HAVE A CHEAT DAY ON THE WEEKEND.
Try this experiment. Eat really well during the week and then reward yourself with a cheat day on Sunday.
GO LAZY KETO.
As far as diets go, this one was built for lazy people or at least for people who don’t want to think about their meals too hard. All you have to do is avoid bread, starchy veggies, milk, basically any white, and load up on tons of fat and some protein.

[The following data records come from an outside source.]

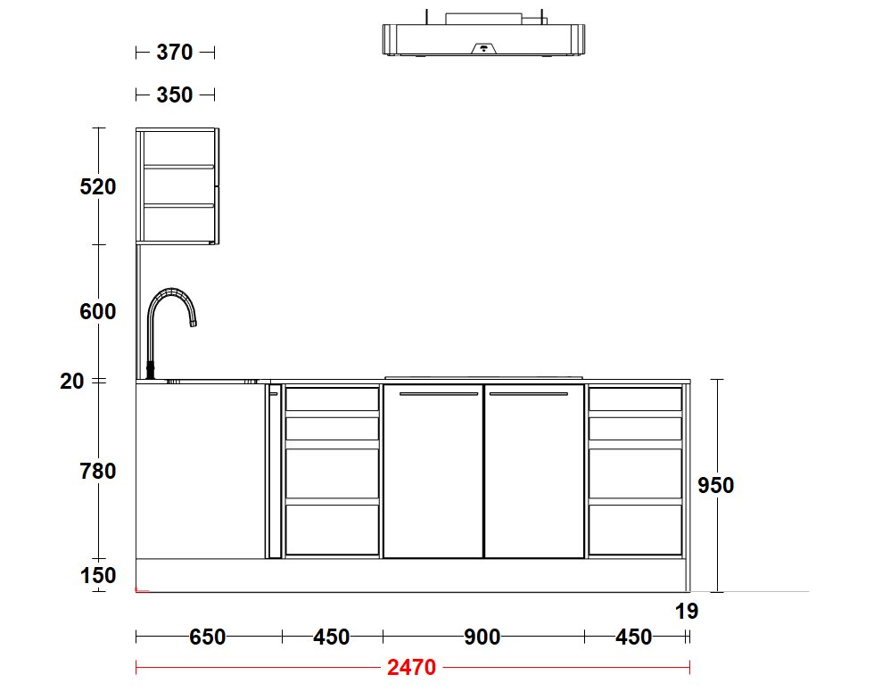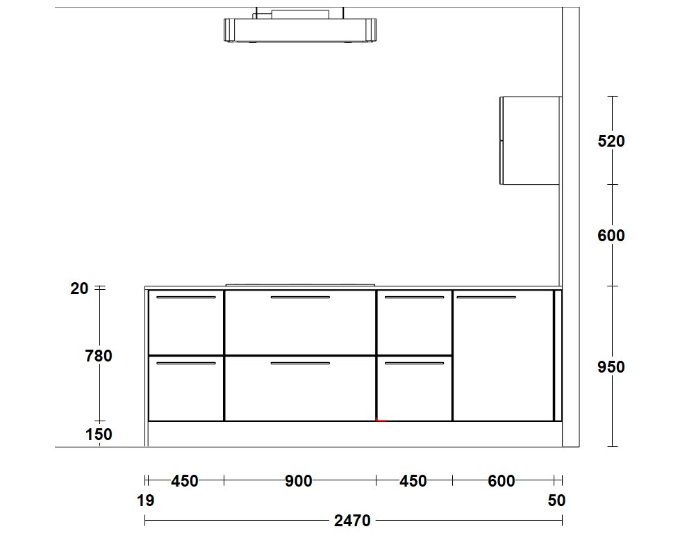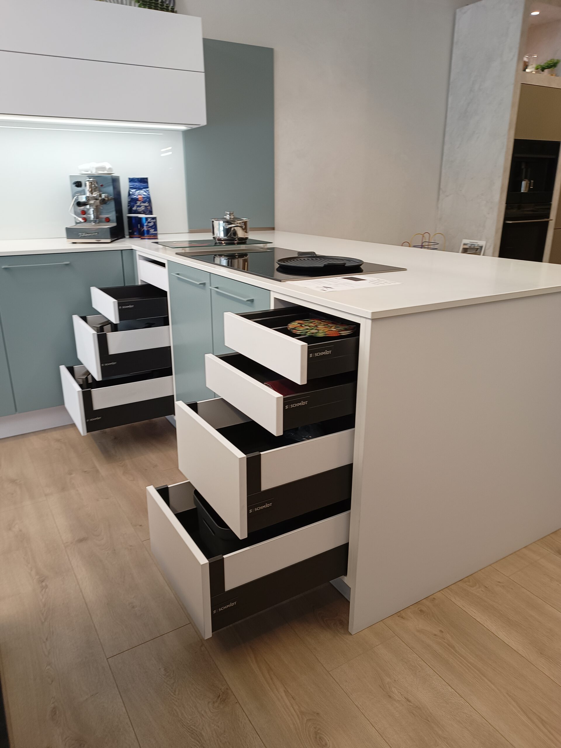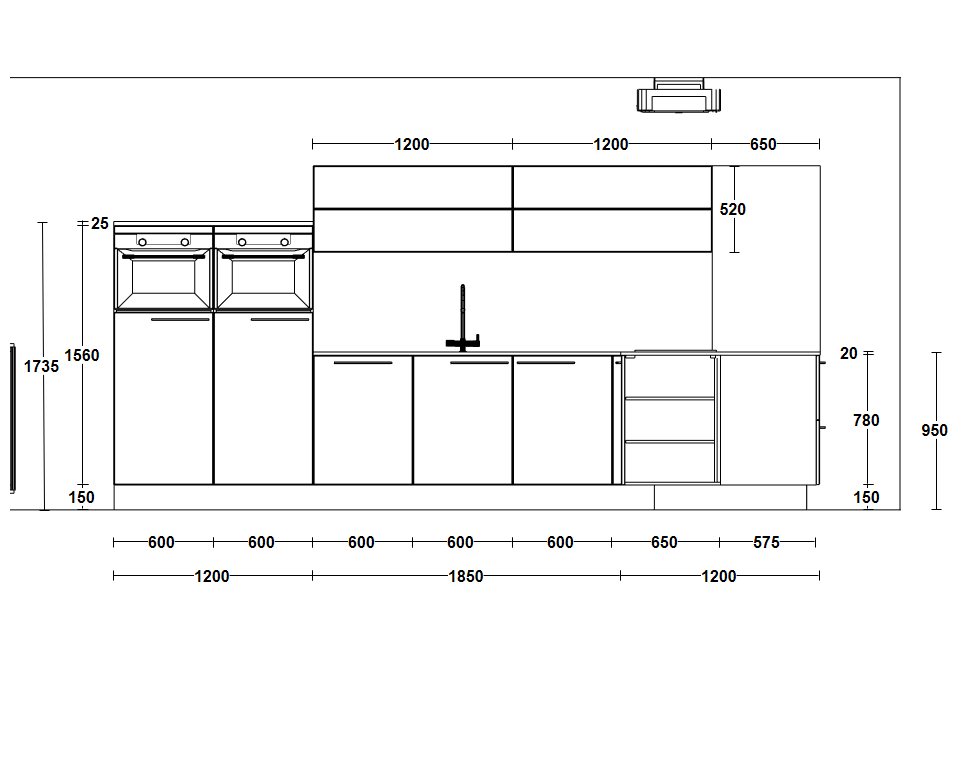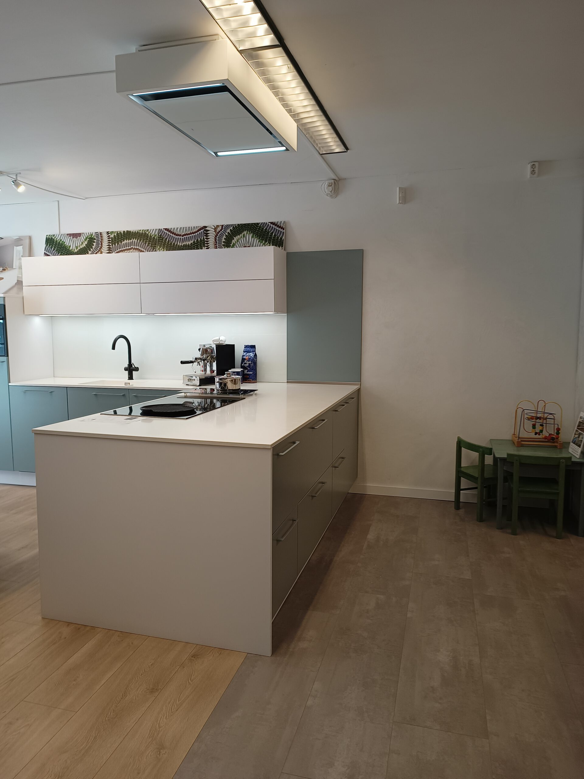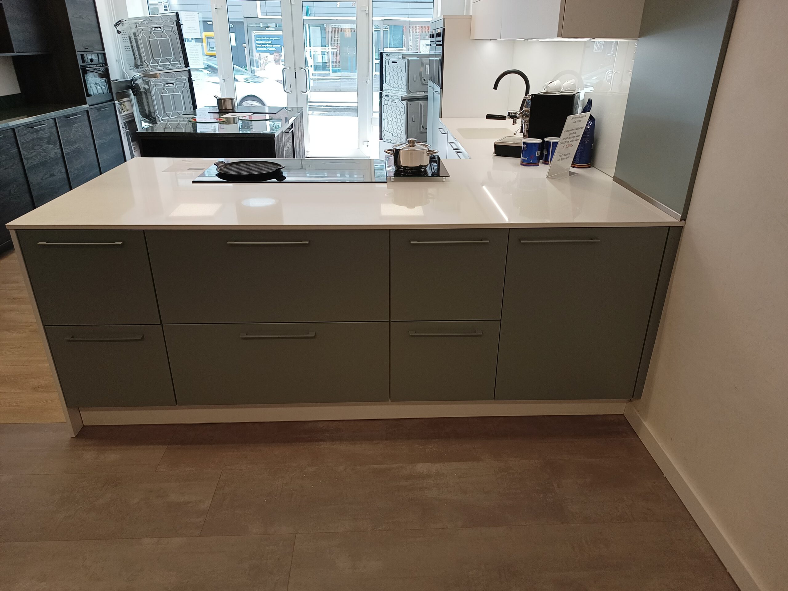 Deze zeer complete keuken combineert stijl en functionaliteit in één geheel. De lange zijde van maar liefst 425 cm biedt volop werk- en opbergruimte, terwijl het royale schiereiland van 247 x 120 cm de keuken een open en uitnodigende uitstraling geeft.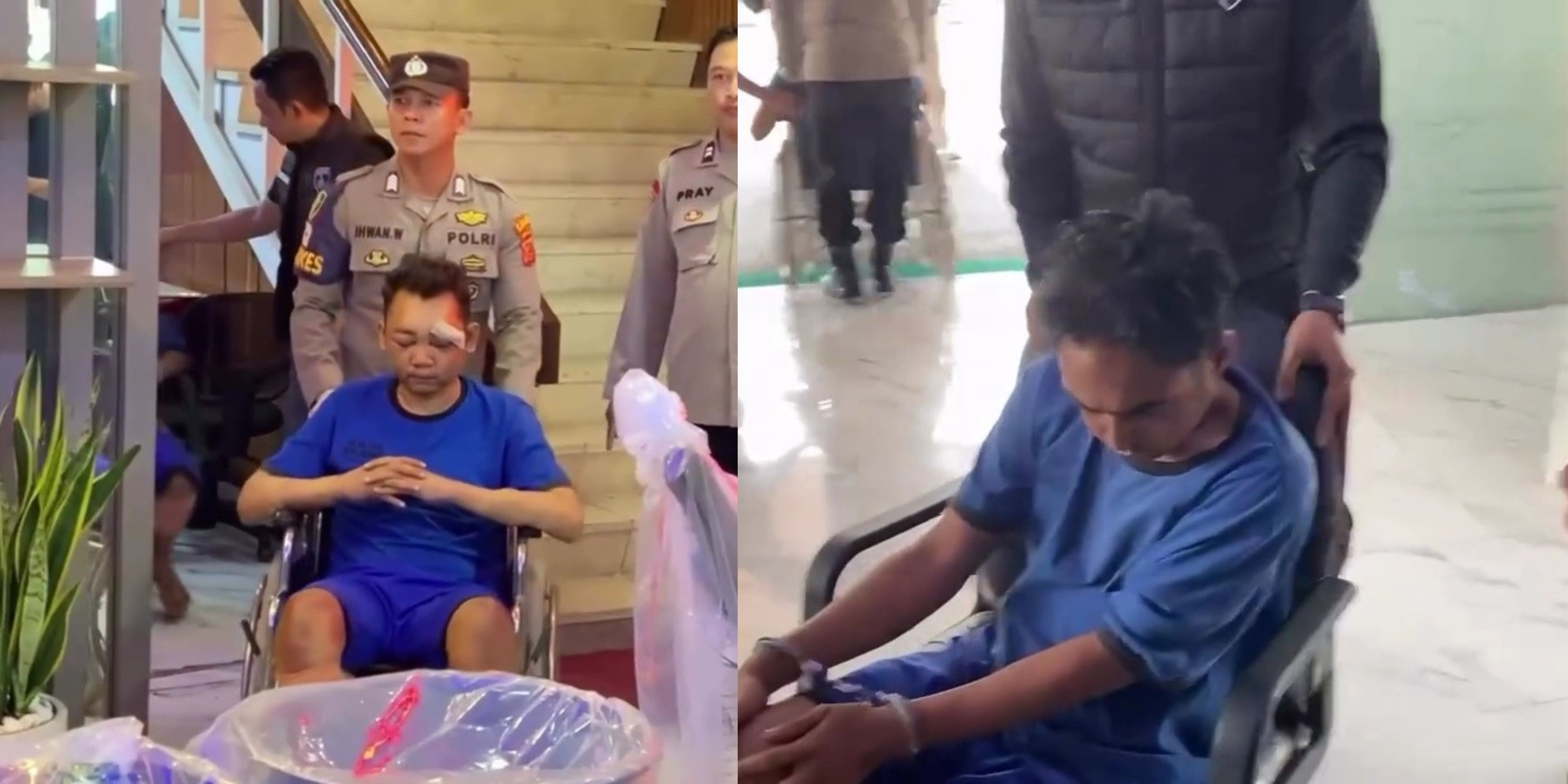 Keduanya terlihat lesu saat wajah mereka diperlihatkan oleh polisi. Kedua pelaku mengenakan baju tahanan berwarna biru, duduk dikursi roda dengan pengawalan ketat polisi.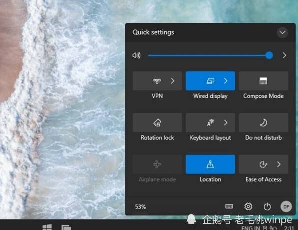 考虑一下操作中心的设计。在Win10X中,在新的操作系统之上,我们可以看到Win10X的响亮和亮度。蓝牙、无线网络和电源配置的选择 在中心。此外,在右边,我们可以选择其中一种可能性。更个性化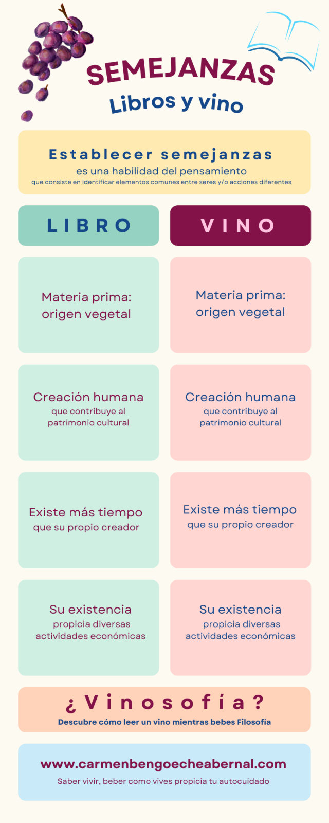 En la imagen que he creado para ti, te muestro las semejanzas entre ambos. Desde sus orígenes hasta que llegan a la comunidad lectora y/o vinófaga, los libros y los vinos tienen en común a sus creadores humanos y son la causa de diversas actividades económicas. Los libros y los vinos son creaciones universales tanto por tiempo como por espacio, los encontramos en diferentes culturas. Ambos son casi eternos, sobreviven a sus creadores y nos hacen dialogar con ellos en cierta forma. ¿Qué más vinculaciones encuentras entre ellos?

It’s as easy as ordering a steak and veggies, munching on pork rinds, and making some scrumptious fat bombs to ease your cravings! It seems restrictive, but there are so many ways to “keto-fy” your food. You can still have cookies, cake, and burgers without the bun. What’s not to love about this diet? See my keto meal prep guide to learn how to prepare a month of keto dinners in just two hours!
TRY A MEAL SERVICE.
For the truly lazy or busy people out there if all else fails, try investing in a meal service. There are ones out there that deliver frozen meals all ready for you to heat up. There are also ones that give you the ingredients and recipe instructions to cook yourself. You can choose a service with dietary restrictions or just go with the default meal plan. Whichever one you choose, it will still help you with overall portion control and you won’t have to think about planning out your meals.